- Born: 4 September 1887
- Died: 1939 (aged 51–52)
- Allegiance: Canada
- Branch: Canadian Expeditionary Force
- Service years: 1915–1919
- Rank: Sister
- Unit: Canadian Army Medical Corps
- Conflicts: First World War
- Awards: Associate Royal Red Cross

= Laura Gamble =

Canadian nurse

Laura Gamble, (4 September 1887 – 1939) was a Canadian nurse who served in the Canadian Army Medical Corps during the First World War.

==Nursing career==
A 1910 alumna of the Toronto General Hospital School of Nursing, Gamble joined the Canadian Army Medical Corps as a nursing sister, enlisting on May 4, 1915. She expected that her experience in a Toronto hospital would be an asset to the war effort. She served on a hospital ship in the Mediterranean, and at hospitals in Greece, France, and the United Kingdom. She arrived on the Greek island of Lemnos after the Anglo-French force had already suffered heavy casualties as a result of the ill-fated Gallipoli campaign.

Canadian nurses were the only nurses of the British Empire's armies that held the rank of officers.
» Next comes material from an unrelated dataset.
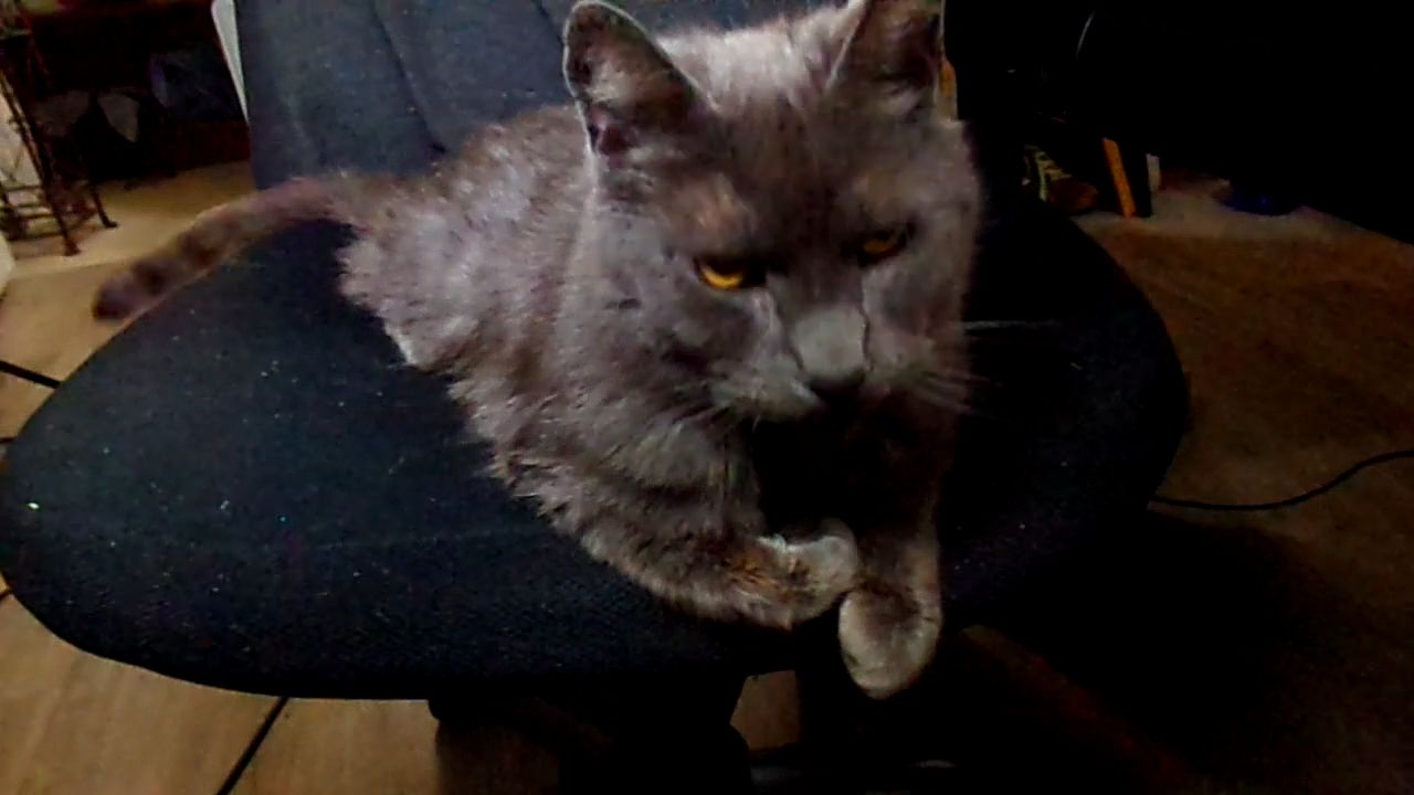Just like the good old days, taking my chair when ever he can......God Bless.

Gamble was awarded the Royal Red Cross 2nd class in 1917 for her show of "greatest possible tact and extreme devotion to duty". This was presented to her at Buckingham Palace during a special ceremony for Canadian nurses. She also received the British War Medal and Victory Medal.

Gamble was recalled to Canada after the war and served as matron of St. Andrew's Military Hospital, Toronto. She was among the first nurses to take a new course in public health from the University of Toronto and worked for the Toronto Department of Public Health as Acting District Superintendent.

The diary Gamble kept during the war is conserved at the Library and Archives Canada in Ottawa.